Reprint the lines below as they are, minus the pictures.

§ Input data:
Content starts

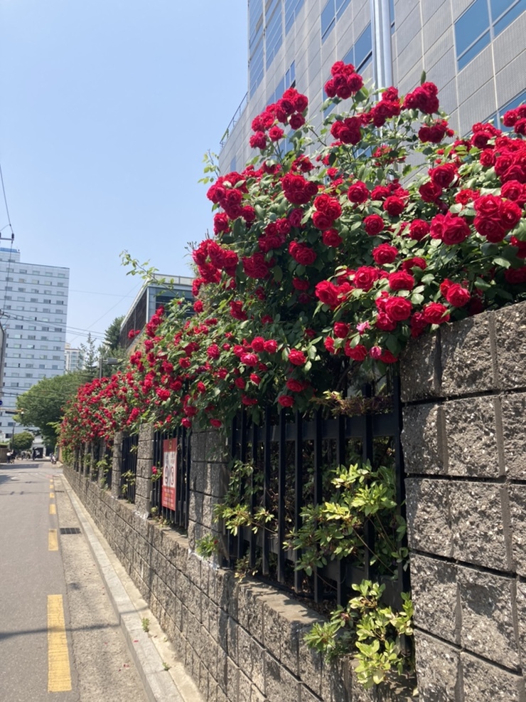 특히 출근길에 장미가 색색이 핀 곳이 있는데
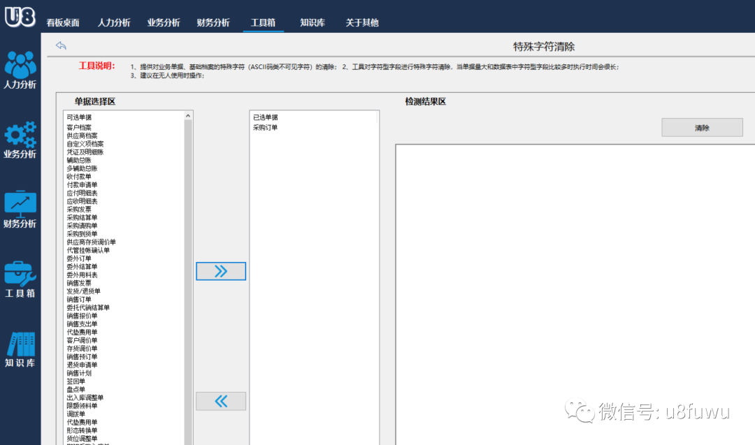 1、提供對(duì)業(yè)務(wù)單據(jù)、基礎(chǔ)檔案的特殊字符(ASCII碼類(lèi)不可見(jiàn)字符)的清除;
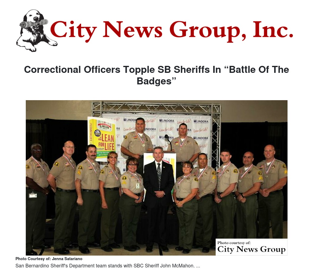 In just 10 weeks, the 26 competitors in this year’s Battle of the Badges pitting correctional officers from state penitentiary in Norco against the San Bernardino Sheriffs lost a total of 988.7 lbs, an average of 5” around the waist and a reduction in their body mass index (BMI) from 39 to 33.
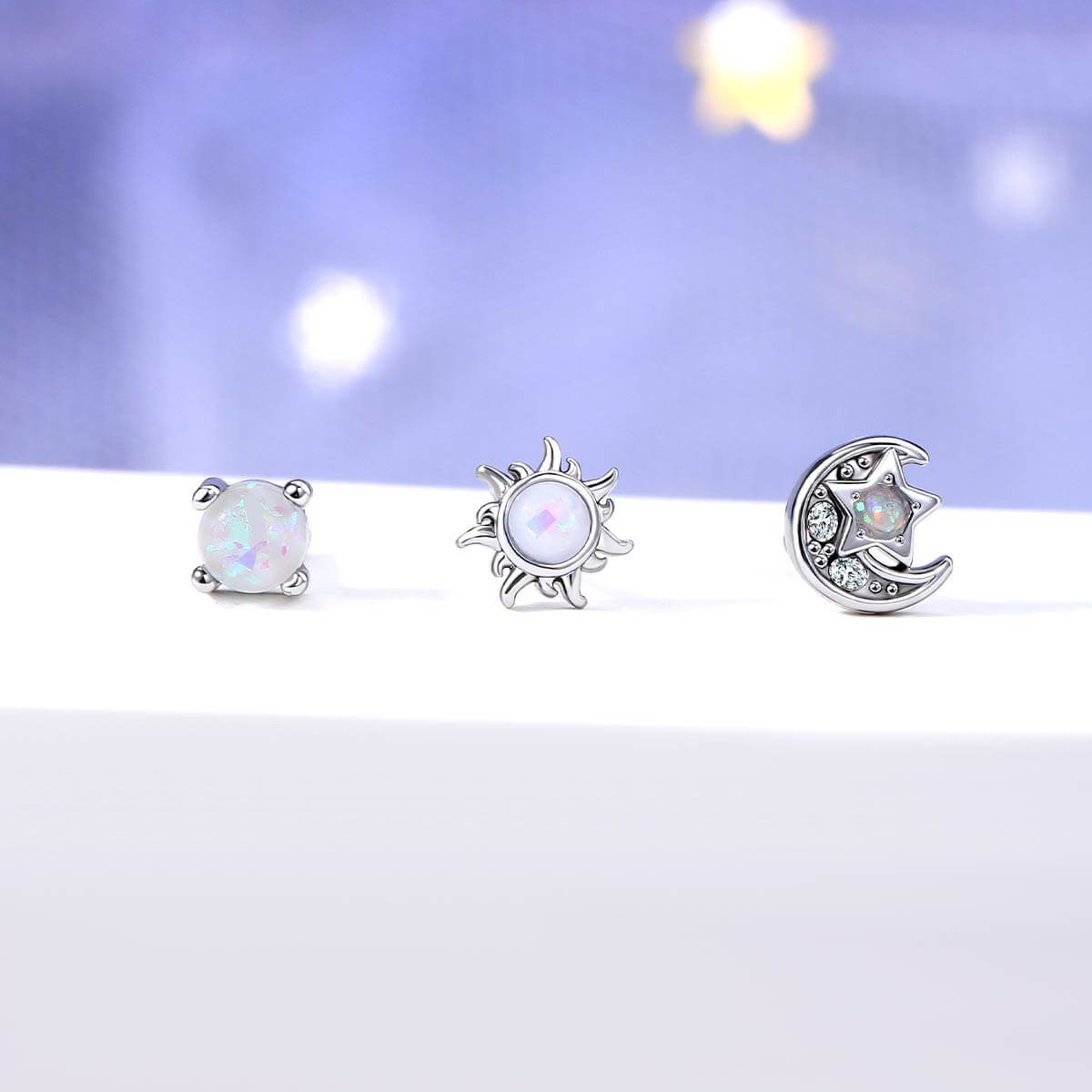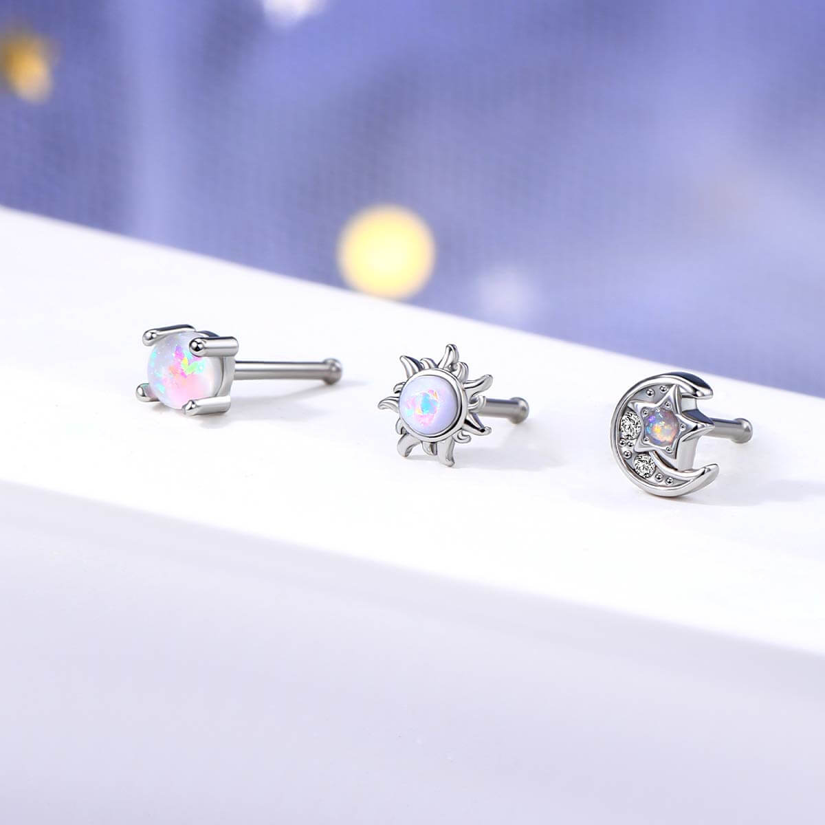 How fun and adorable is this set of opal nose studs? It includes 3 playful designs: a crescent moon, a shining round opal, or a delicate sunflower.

Content ends

§ Response area:
 특히 출근길에 장미가 색색이 핀 곳이 있는데
 1、提供對(duì)業(yè)務(wù)單據(jù)、基礎(chǔ)檔案的特殊字符(ASCII碼類(lèi)不可見(jiàn)字符)的清除;
 In just 10 weeks, the 26 competitors in this year’s Battle of the Badges pitting correctional officers from state penitentiary in Norco against the San Bernardino Sheriffs lost a total of 988.7 lbs, an average of 5” around the waist and a reduction in their body mass index (BMI) from 39 to 33.
 How fun and adorable is this set of opal nose studs? It includes 3 playful designs: a crescent moon, a shining round opal, or a delicate sunflower.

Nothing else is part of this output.